Species in Cincinnatian of Ohio, Indiana, Kentucky (Bryozoa.net)
- Spatiopora aspera (Ulrich, 1883)
- Spatiopora corticans (Nicholson, 1874)
- Spatiopora lineata (Ulrich, 1883)
- Spatiopora maculosa (Ulrich, 1883)
- Spatiopora montifera (Ulrich, 1883)
- Spatiopora tuberculata (Milne, Edwards and Haime, 1851)
- C5 Sequence (Waynesville)
- C3 Sequence (Corryville)
- C2 Sequence (Bellevue)
- C1 Sequence (Clays Ferry/Kope: Economy/Fulton)
- Zoarium Morphology: Encrusting (often on Orthoceras)
- Zoecia: Short and direct with irregular apertures; blunt spines at angles
- Monticules: Elevated and elongate (usually conspicuous)
Note: Superficially similar to Atactopora, which also encrusts on cephalopods and has prominent elongate monticules.
- The single species of this genus noted in the Russian strata is so like an American form that it has not been differentiated. Spatiopora, briefly defined, is a ceramoporoid genus in which the characteristic wall structure is present, but mesopores and lunaria are practically absent. The zoarium is usually found incrusting the shells of Orthocerata, and the zooecia, as a whole, show great resemblance to the Trepostomata.
- Genotype.—Spatiopora aspera Ulrich. Upper Ordovician (Maysville) of the Ohio Valley.
Nickles & Bassler (1900):
- Spatiopora: Zoarium forming thin crusts, usually on Orthoceras; zoecia very short, nearly direct; apertures irregular, with blunt spines at the angles, no lunarium developed; elevated, elongated maculae usually a conspicuous feature.

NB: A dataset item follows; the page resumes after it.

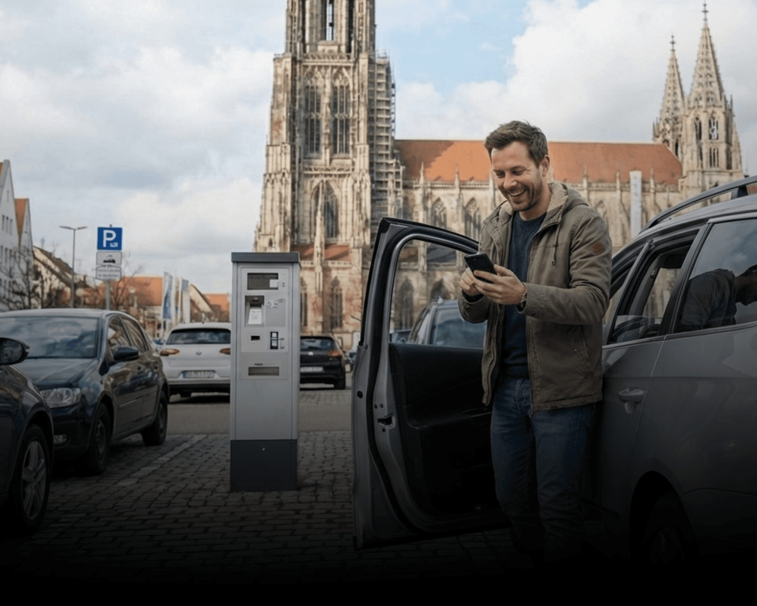 Parken in Ulm wird digital: Mit der Peuka-App ziehst du dein Parkticket bequem vom Handy und buchst private Parkplätze. Partner des Stadtmarketing Ulm. Jetzt App laden!

- Zoaria forming thin parasitic crusts upon foreign bodies, the shells of Orthoceras being the most favored. Surface even or with monticules. Zooecia short, with direct and more or less irregularly shaped apertures. Lunarium scarcely perceptible even in thin sections. Mesopores very few, usually absent, when present occurring chiefly as “maculae.” Interspaces often with large blunt spines (?acanthopores). Walls of zooecia moderately thin, with the characteristic structure pertaining to the family.
- Incrusting, and forming very thin, large expansions, with a smooth or strongly tuberculated surface. Cells shallow, with oblong or irregular apertures. Interstitial cells sparingly developed. Spiniform tubuli generally of considerable size.